Transparency & Trust are Blood Brothers

Photo Provided By Max Harlynking

This post is the third in a series of eight that unpacks the increasing expectation of transparency in business: Why and how to develop authentic, accurate, and thorough communication and reporting on your business purpose, goals, and impact.

Starbucks’ former environmental impact director, Jim Hanna (now at Microsoft) coined the ingenious term “pre-competitive trust” (PCT). Totally necessary when Starbucks had to shut down all 8,000 of its stores for racial sensitivity training in 2018.

Or consider the case of Toyota. At the time of its faulty Prius accelerator crisis and several simultaneous brake recalls — life-and-death problems — Toyota had long demonstrated strong PCT, its standing commitment to safety. It had built up enough social capital reserves that some Prius drivers actually came to the brand’s defense.

Toyota used the opportunity — especially being forced into the kind of “hyper-transparency” Starbucks would later experience — to reassess and redouble its commitments and investments, ask its consumers for more help, find new partners, and launch new initiatives so that it eventually wound up stronger because of confronting the problems head-on with relative humility, honesty, and proactivity.

Did it ever have a choice? We can’t hide. We shouldn’t. There’s no need to anymore. Transparency and trust are navel-tied.

Transparent Lead With We brands, even when they humbly report on their own demerits, build up social capital for a rainy day, or for when the market is tough — even during recessions. Such capital is not unlimited, however.

Everlane, the direct-to-consumer retail darling that actually trademarked the term “radical transparency” came under fire in 2020, accused of hiding behind the Covid-19 pandemic to engage in aggressive union-busting.

Though Everlane had built a firm reputation on transparency and ethics — it gets most things right — an attack tweet from Bernie Sanders called into question the company’s treatment of its employees. Critics thereafter accused Everlane of being a “serial offender when it comes to greenwashing in the fashion industry.” Everlane has redoubled its efforts in the face of scrutiny now leveled at the business world at large.

In my prior series on trust, I advised that business success is entirely dependent on trust, which perforce, always arises out of transparency. This is truer every day as the public and the media gain unprecedented access to data and doings.

Consistent, thorough, and above all, honest communication (internally and externally) creates a legacy of trust. We build, as the maxim goes, a reputation that will withstand scrutiny when we’re not in earshot of what people are saying.

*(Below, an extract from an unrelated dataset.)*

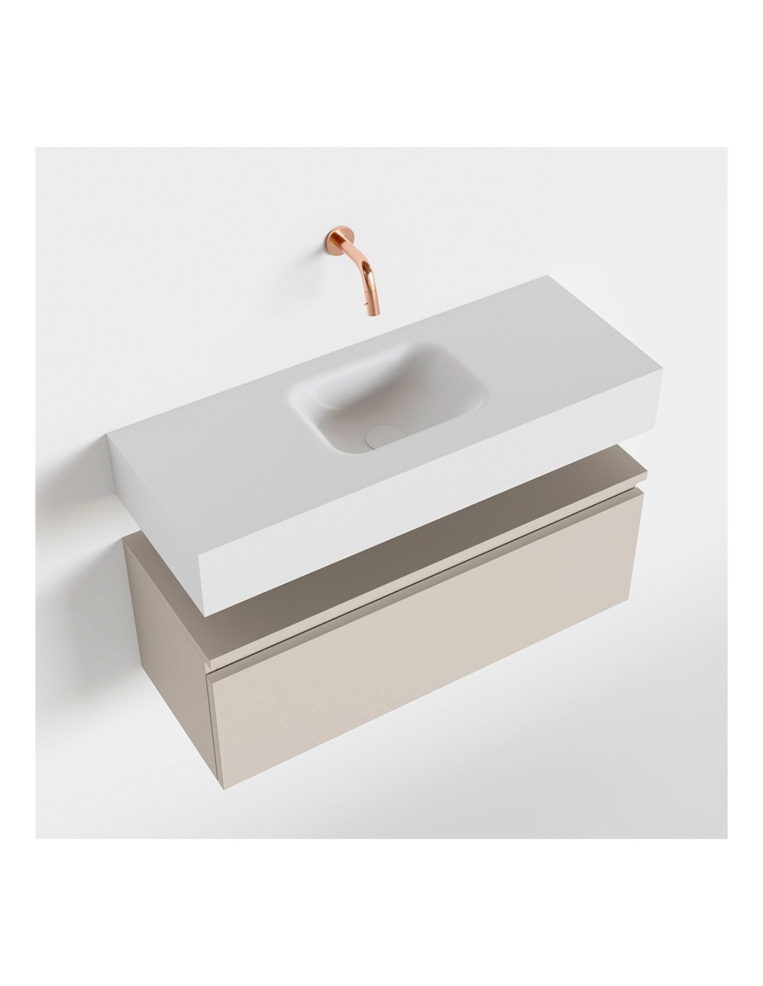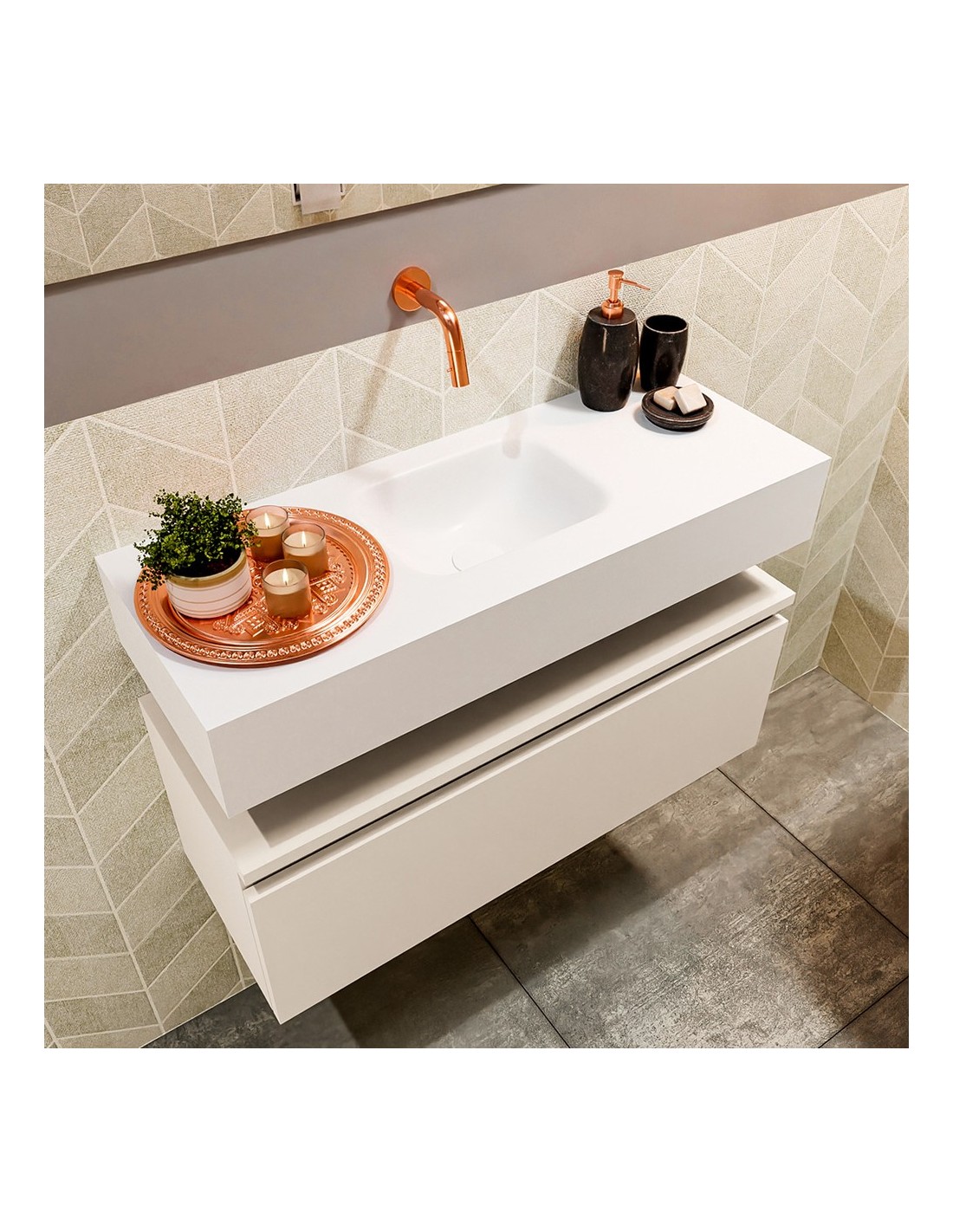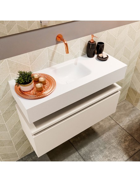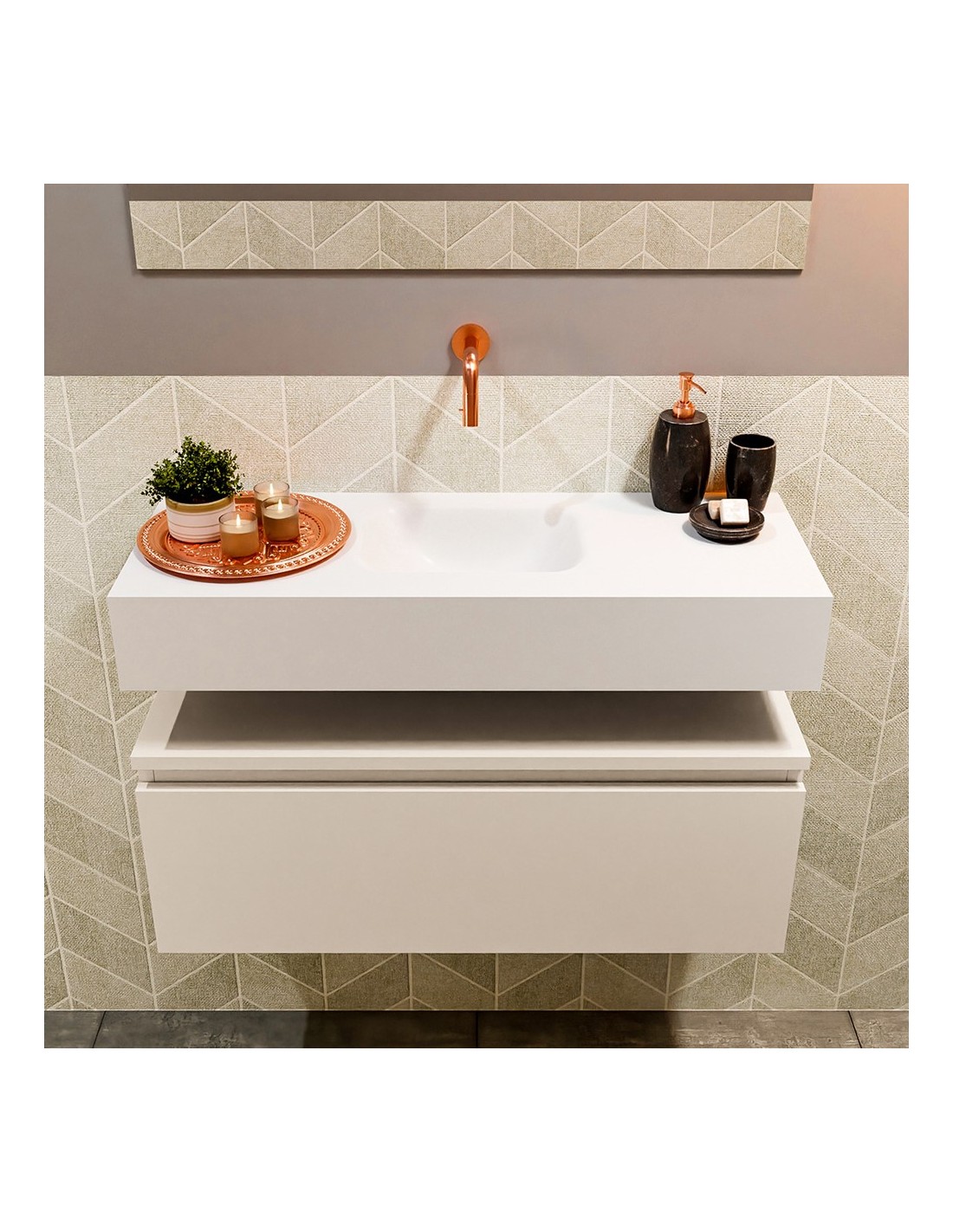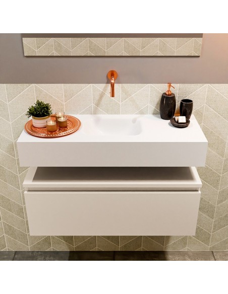 ANDOR Komplet badmiljø med midt centreret håndvask til vægmonteret armatur. Badmiljøet kommer med 1 skuffe med fuldt udtræk, og er fremstillet i MDF. Håndvasken er fremstillet i talkumsfarvet (mat hvid) solid surface. Badmiljøet måler 80 cm i bredden. Det viste armatur medfølger ikke i sættet.

Though “the truth” in business is changeable, its range is still subject to commonsense ethics. There’s nothing wrong with wanting to — needing to — make money. The simplest question in terms of transparency is: But at what cost?

What’s the reason we’re communicating — or not communicating — this aspect of our business to this audience through this lens? To what end are we telling this particular story — and are we glossing over the bad bits? Is it a strict PR exercise — because there’s nothing necessarily wrong with that; it has its place — or an exercise in authenticity?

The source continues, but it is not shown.